■ **THE TASK**:
Aim for an exact copy of the listing, without any images.

■ **RECORDED DATA**:
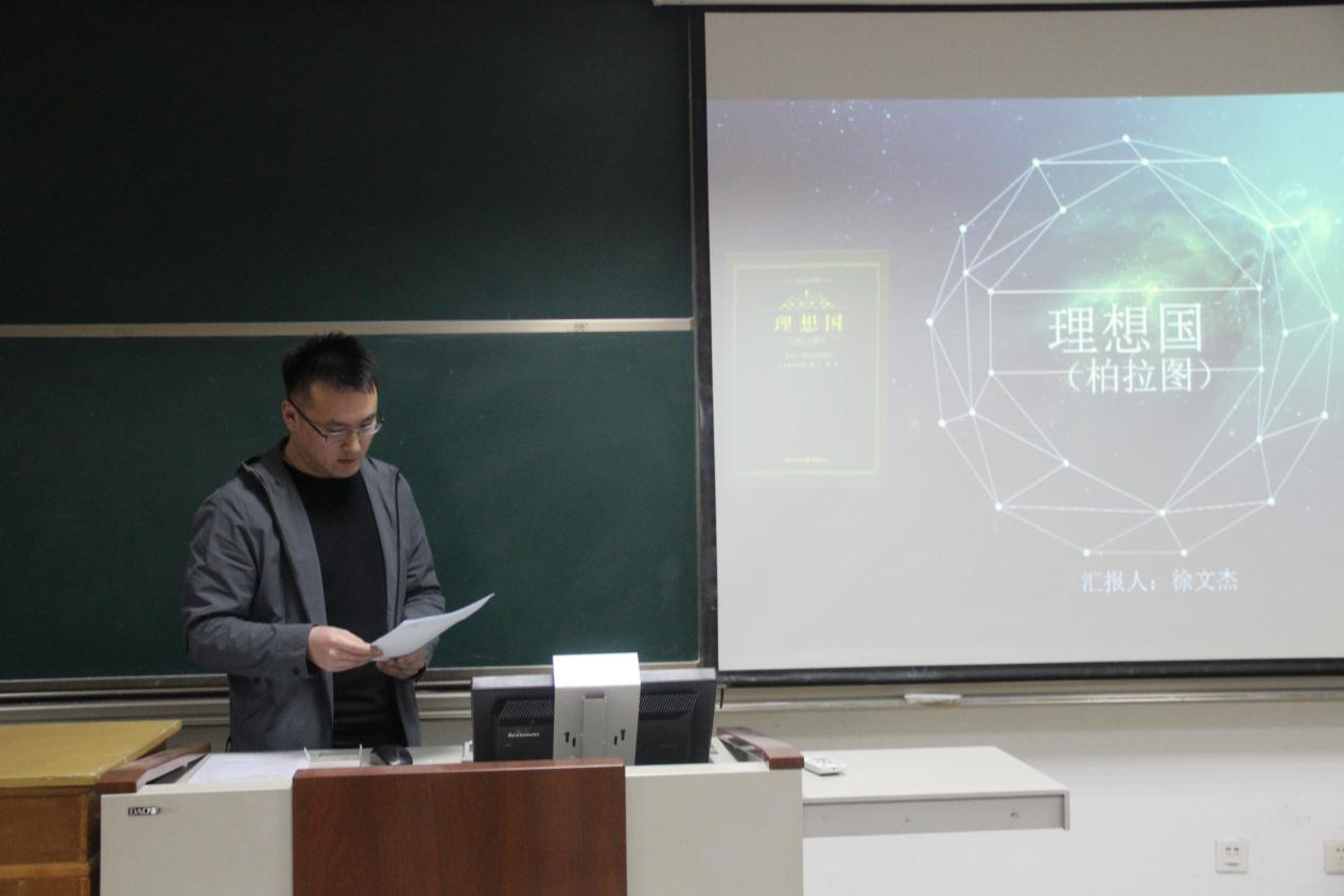 本期政研论坛读书交流会围绕伦理学相关专业书目及人物思想展开讨论。2019级徐文杰同学为大家分享了柏拉图的经典作品《理想国》。主要为大家讲述书中第五卷关于共产共妻与相亲相爱的一家人的内容。首先理想国阶级中承担守卫者角色的人是为了全体公民的最大福祉和实现城邦良好秩序和幸福的重要存在。其次,从共妻制度和优生学的角度说明了要以最好的品质来抚育下一代,实施这样的措施才能更好地治理国家。最后,从家庭和国家两方面表述了每个家庭都要和平相处相亲相爱受人尊敬,对于一个国家而言要团结一致,从而实现国家利益的最大化。
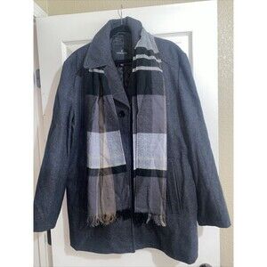 NEW LONDON FOG Mens Wool Trench pea Coat jacket scarf L Jacket luxury classic
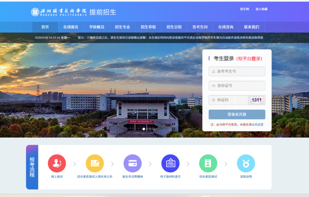 我校2026年提前招生报名已经结束,根据《温州职业技术学院2026年高职提前招生章程》规定,学校已按各专业招生计划数的500%确定综合素质测试入围考生名单(若报考人数未达到该专业招生计划数的500%,则符合该专业报考条件的考生均入围综合素质测试;若某一专业入围资格线出现多名考生总分相同则一并入围)。现将入围分数线、入围查询及缴费等有关事项公告如下:
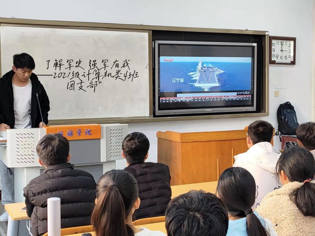 为了让同学们更加的了解中国军队,深刻的意识到军队制度的优越性以及中国国防的强大。太阳成tyc7111cc官网21级计算机类四班全体成员于11月30日下午三点在A11-110开展“了解军史,强军有我”主题团日活动。
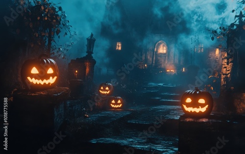 Fototapeta premium Evil atmosphere in a graveyard at night, jack o lantern pumpkins glowing, mist surrounding a haunted house or castle, perfect for spooky season
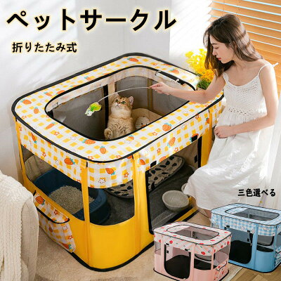 ペットサークル 折りたたみ ペットサークル 猫 ケージ 折りたたみ メッシュサークル 長方形 猫の分娩室 犬猫兼用 小型犬 室内 メッシュ 屋根付き アウトドア 組み立て簡単 収納バッグ付き ブルー イエロー ピンク XLサイズ 90*70*60CM
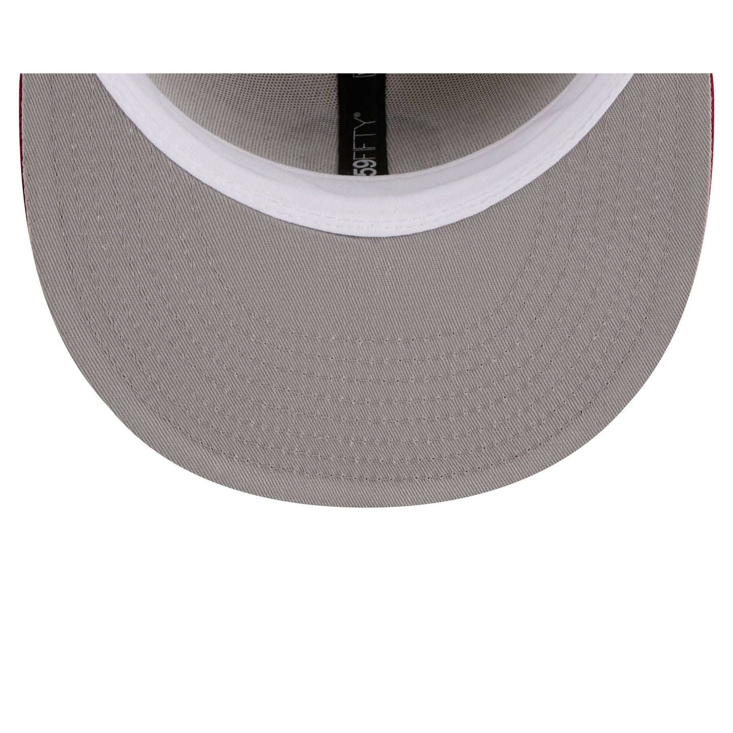 The South Carolina Gamecocks Collegiate Two-Tone Chrome 59FIFTY Fitted Cap features an embroidered Gamecocks logo at the front panels with an alternate team logo at the rear. Additional details include a 2017 NCAA Final Four patch at the right-wear side with a red visor and a gray undervisor.
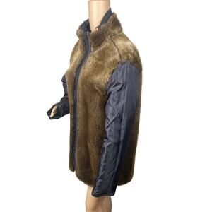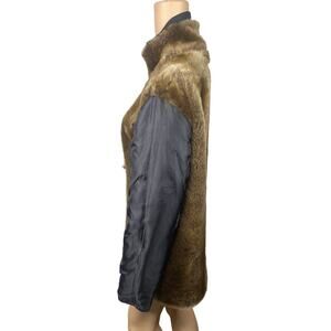 S13 NYC Black Brown Faux Fur Funnel Mock Neck Puff Jacket SZ M

■ **WRITTEN RESPONSE**:
 本期政研论坛读书交流会围绕伦理学相关专业书目及人物思想展开讨论。2019级徐文杰同学为大家分享了柏拉图的经典作品《理想国》。主要为大家讲述书中第五卷关于共产共妻与相亲相爱的一家人的内容。首先理想国阶级中承担守卫者角色的人是为了全体公民的最大福祉和实现城邦良好秩序和幸福的重要存在。其次,从共妻制度和优生学的角度说明了要以最好的品质来抚育下一代,实施这样的措施才能更好地治理国家。最后,从家庭和国家两方面表述了每个家庭都要和平相处相亲相爱受人尊敬,对于一个国家而言要团结一致,从而实现国家利益的最大化。
 NEW LONDON FOG Mens Wool Trench pea Coat jacket scarf L Jacket luxury classic
 我校2026年提前招生报名已经结束,根据《温州职业技术学院2026年高职提前招生章程》规定,学校已按各专业招生计划数的500%确定综合素质测试入围考生名单(若报考人数未达到该专业招生计划数的500%,则符合该专业报考条件的考生均入围综合素质测试;若某一专业入围资格线出现多名考生总分相同则一并入围)。现将入围分数线、入围查询及缴费等有关事项公告如下:
 为了让同学们更加的了解中国军队,深刻的意识到军队制度的优越性以及中国国防的强大。太阳成tyc7111cc官网21级计算机类四班全体成员于11月30日下午三点在A11-110开展“了解军史,强军有我”主题团日活动。
 Fototapeta premium Evil atmosphere in a graveyard at night, jack o lantern pumpkins glowing, mist surrounding a haunted house or castle, perfect for spooky season
 ペットサークル 折りたたみ ペットサークル 猫 ケージ 折りたたみ メッシュサークル 長方形 猫の分娩室 犬猫兼用 小型犬 室内 メッシュ 屋根付き アウトドア 組み立て簡単 収納バッグ付き ブルー イエロー ピンク XLサイズ 90*70*60CM
 The South Carolina Gamecocks Collegiate Two-Tone Chrome 59FIFTY Fitted Cap features an embroidered Gamecocks logo at the front panels with an alternate team logo at the rear. Additional details include a 2017 NCAA Final Four patch at the right-wear side with a red visor and a gray undervisor.
 S13 NYC Black Brown Faux Fur Funnel Mock Neck Puff Jacket SZ M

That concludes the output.